My ex and I are splitting custody of my son this summer. We live so far from one another that I am spending my summer on the Garden State Parkway.

I used to love driving. I was a road warrior, a travel mug and ear-splitting music my shield and javelin. I could drive forever listening to Lenny Kravitz’s saxophone oozing out of my speakers like slow brown honey. This blistering summer, driving feels like a punishment for me AND the highway. My tires pummel miles of desiccated asphalt relentlessly.

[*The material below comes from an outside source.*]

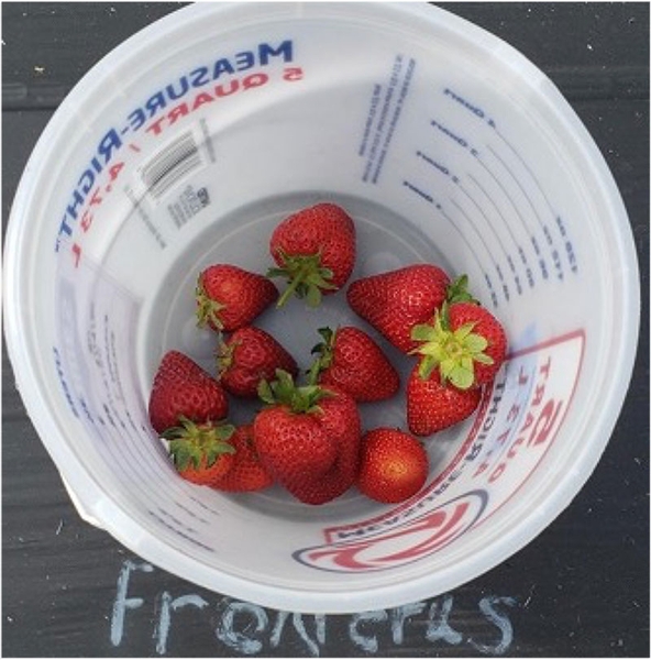 Mid-season. Medium-to-large size, moderate yield in spring (Figure 2-9a and Figure 2-9b). Good to very good flavor. Good for low tunnel, high tunnel, and greenhouse operations. Good for direct-to-consumer sales and wholesale markets. Plants need more nitrogen than standard recommendations. Attracts two-spotted spider mites. Not tolerant to rain.

Another brutally hot summer, my eighth, I was sent away to Camp Rainbow, a broken mirror of a place with a cheery subterfuge of a name. It was a camp for troubled children.

Was I troubled? What troubled me was having my waterfall of cascading red curls shorn into an ugly pixie cut. My mother saved the ponytail for years. Eventually my hair grew back, but in a tumbleweed of  unruly curls that jutted out from my head in a frizzy pyramid. The only remnant I had of those silky red waves was encased in a thick plastic bag.

Without the velvet cushioned rabbit hole of opiates, I have no interest in anything. Destroy the dopamine neurons in rats and they’ll starve to death, even with food right in front of them.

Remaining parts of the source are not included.